Dzięki K-Mart

Dla mnie jako fana NBA od około dekady zawodnicy w wieku Kenyona Martina, są pierwszym 'pokoleniem’, które oglądałem świadomie, i które odchodzi powoli na zasłużoną, sportowa emeryturę. K-Mart nigdy nie był wirtuozem, wręcz przeciwnie, gdyż był „fizolem” bazującym na szybkości, skoczności i sile fizycznej, ale jego zaangażowanie niwelowało wszystkie braki w wyszkoleniu koszykarskim.

Do ligi wchodził jako numer 1 draftu 2000 r., został wybrany przez New Jersey Nets i miał być kamieniem węgielnym wkopanym w fundamenty nowego teamu. 12 punktów 7,4 zbiórek, 1.7 bloki i 1.1 przechwytu co mecz. Jak na debiutanta naprawdę ciekawe statystyki. Niestety od numero uno wymaga się czegoś więcej, jak się później okazało K-Mart nigdy pewnego poziomu nie przeskoczył. W 1 sezonie oczywiście załapał się do Najlepszej Piątki Debiutantów i był 2 w głosowaniu na Rookie Of The Year tuż za plecami Pau Gasola. Pamiętajmy, że Martin dołączył do krnąbrnej drużyny z takimi asami jak Stephon Marbury czy Stephen Jackson. Nets wygrali tylko 26 spotkań i nic nie wskazywało, że ta drużyna wkrótce będzie biła się o mistrzostwo NBA.

Przed sezonem do klubu dołączył generał Jason Kidd, w drafcie Nets wybrali Richarda Jeffersona i tak miała się rodzić dynastia. Nets doszli aż do finało, gdzie zostali upokorzeni przez Los Angeles Lakers przegrywając wszystkie 4 spotkania. Przyszły sezon miał być jeszcze lepszy dla Nowojorczyków. Sezon 2002/3 był świetny dla Martina, notował on prawie 17 punktów i dokładał do tego 8 zbiórek. Nets ponownie zasmakowali finałów, w których ponownie ulegli. Tym razem lepsi okazali się San Antonio Spurs Grega Popovicha. Sezon kumulacyjny miał dopiero nadejść.

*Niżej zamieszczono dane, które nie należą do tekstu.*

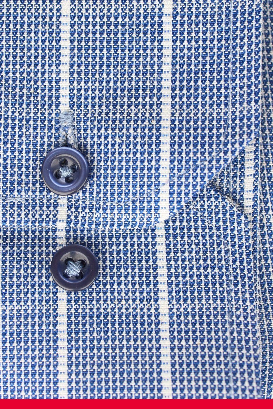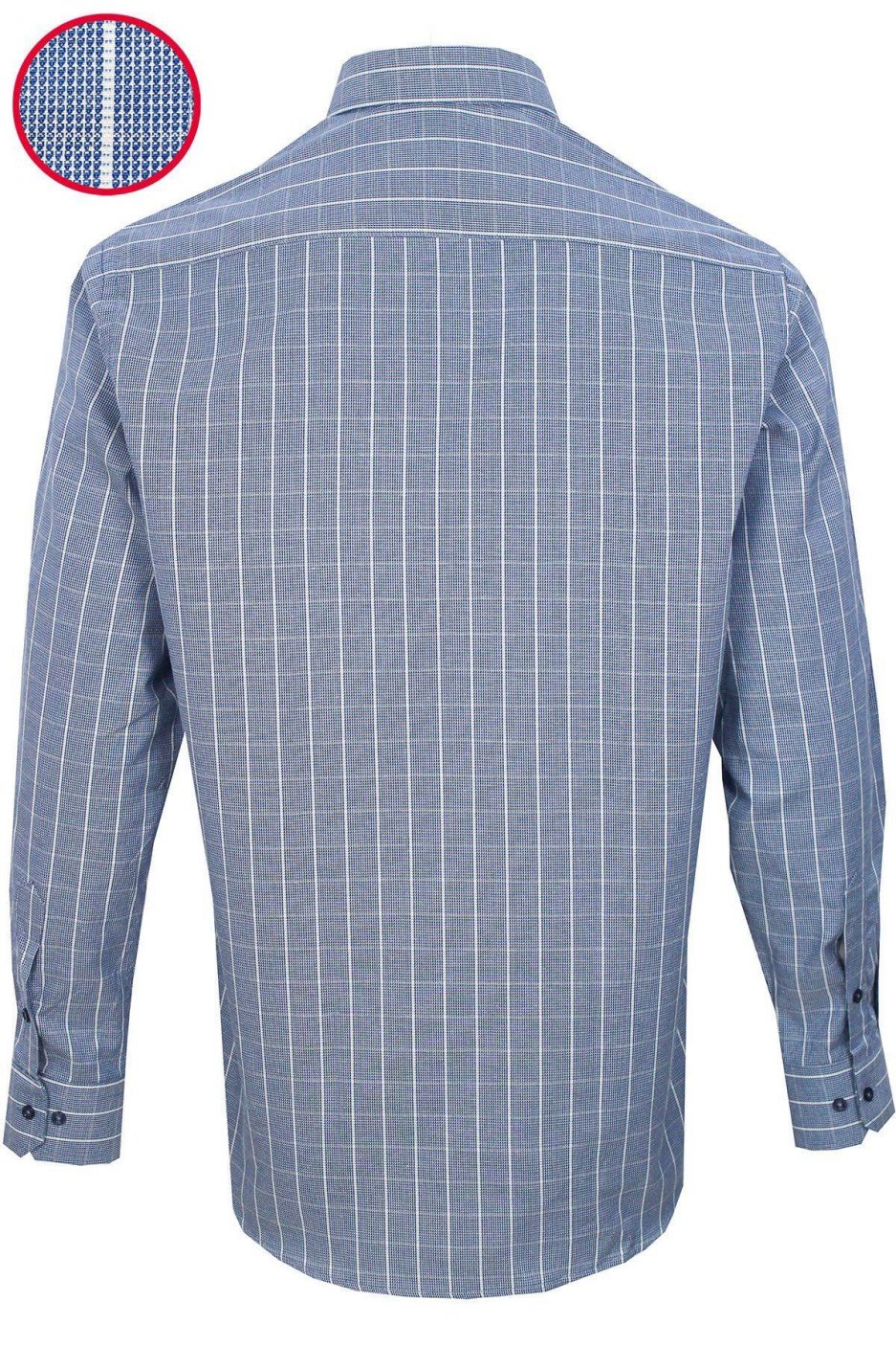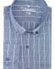 Мужская классическая рубашка с длинными рукавами, синяя в клетку, 67% хлопок, 33% полиэстер, свободный крой, один карман, без пуговиц
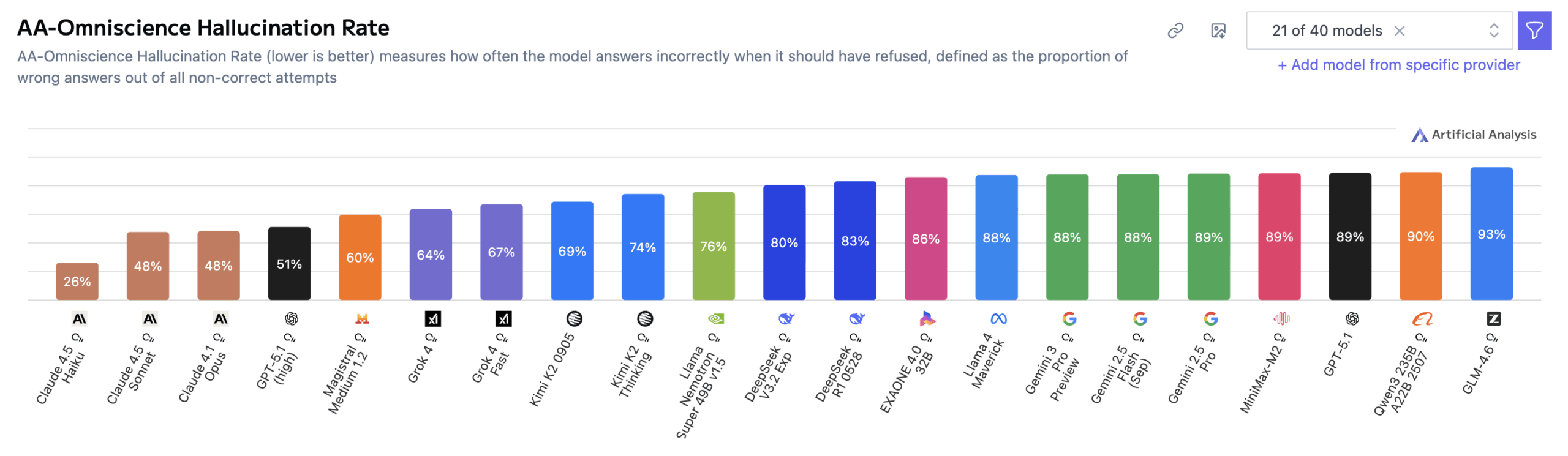 Here, hallucination rate refers to the share of false responses among all incorrect attempts - meaning a high value indicates overconfidence, not ignorance.
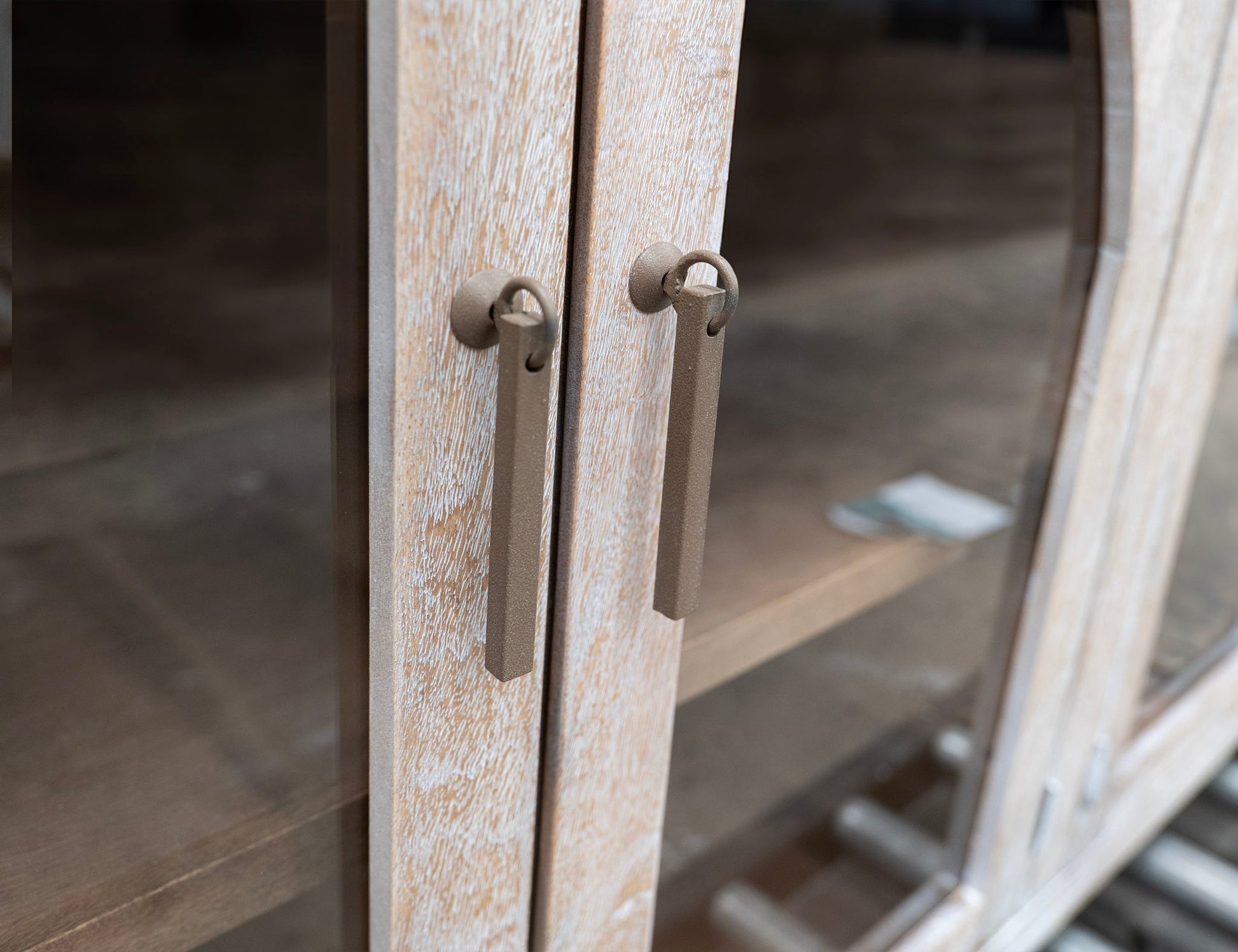 - Custom metal pendant handles in a bronze finish.
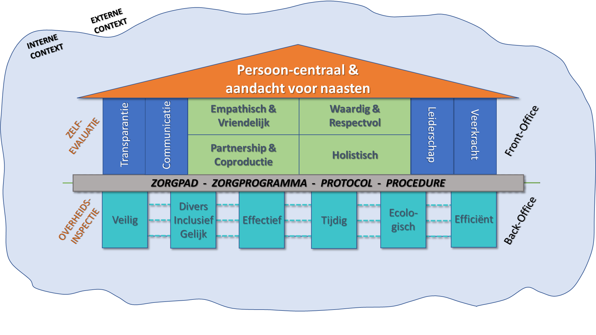 Centraal in het Huis staat onze aandacht voor de basiswaarden voor goede zorg: waardigheid & respect, holisme, partnership & coproductie en empathie & vriendelijkheid. Om zulke zorg te kunnen leveren of om op deze wijze met elkaar om te gaan binnen het multidisciplinaire team, moeten de technische dimensies van kwaliteit op orde zijn: veilig, divers-inclusief-gelijk, effectief, tijdig, ecologisch en efficiënt. Dit zijn als het ware de funderingen van het Huis die de basis moeten vormen van onze zorgpaden, procedures en protocollen. Wanneer we over dit alles transparant communiceren en aandacht hebben voor leiderschap en veerkracht, dan kunnen we continu werken aan persoonsgerichte zorg met aandacht voor zowel de patiënt, de naasten als onze medewerkers.

Sezon 2003/04 był dla Kenyona wyśmienity. Rzucał prawie 17 punktów, dokładał 9.5 zebranych piłek, rozdawał 2.5 asysty, a do tego wszystkiego dochodziło 1.5 przechwytu i 1.3 bloku co mecz. Skrzydłowy pełną para, nagrodą okazała się być nominacja do ASG, niestety jak się okazało jedyna w karierze. Nets szybko przebrnęli przez 1 rundę PO gromiąc 4-0 sąsiadów zza miecy – Knicks. W ECF czekali na nich Detroit Pistons z Billupsem i „braćmi’ Wallace. Po 7-meczowej rywalizacji lepsze okazały się Tłoki, jak się okazało po raz trzeci z rzędu zostali pokonani przez mistrzów ligi (wcześniej 2 razy w finałach). Kolejny sezon dla Martina był już kompletnie odmienną drogą…

Denver Nuggets

Po sezonie Martin został wymieniony do Denver Nuggets za 23 pierwszorundowe picki (2005, 2 x 2006), kogo wyciągneli Nets? Śpieszę z odpowiedzią.. Joey Graham (najlepszy kulturysta wśród koszykarzy), Renaldo Balkman (top3 rastafaran wśrod graczy) i Marcusa Williamsa (rozegrał około 200 spotkań w lidze). Nowy rozdział miał się okazać co najmniej równie udany dla Martina co przygoda w Nets. Drużynę prowadził George Karl, Martin miał być obok Marcusa Camby’ego ostoją defensywy Nuggets, a w ataku szałał Carmelo Anthony (tak, ten gość jest w lidze już ponad 10 sezonów). Martin robił swoje, był 2 punktującym i zbierającym zespołu (po Melo i Cambym). Nuggets udało się awansować do play-off, w których już w 1 rundzie odpadli z późniejszymi mistrzami (4 porażka z mistrzami NBA). Rozgrywki 05/06 były eksplozją talentu Melo, ale ani Martin, ani Nuggets nie zanotowali znaczącego progresu.  Rozgrywki 2006/07 były dla K-Marta kompletnie nieudane, ze względu na kontuzję prawego kolana rozegrał tylko 2 spotkania.

2008-2009

Ten sezon był dla Nuggets bardzo dobry, a mógł być świetny. Doszło do wielkiej wymiany, do Kolorado wzamian za Allena Iversona powędrował Chauncey Billups co okazało się strzałem w ’10’ sterników Nuggets. Wymiana egoistycznego Allena na generała Billupsa było świetnym posunięciem. Nuggets dysponowali bardzo mocnym składem.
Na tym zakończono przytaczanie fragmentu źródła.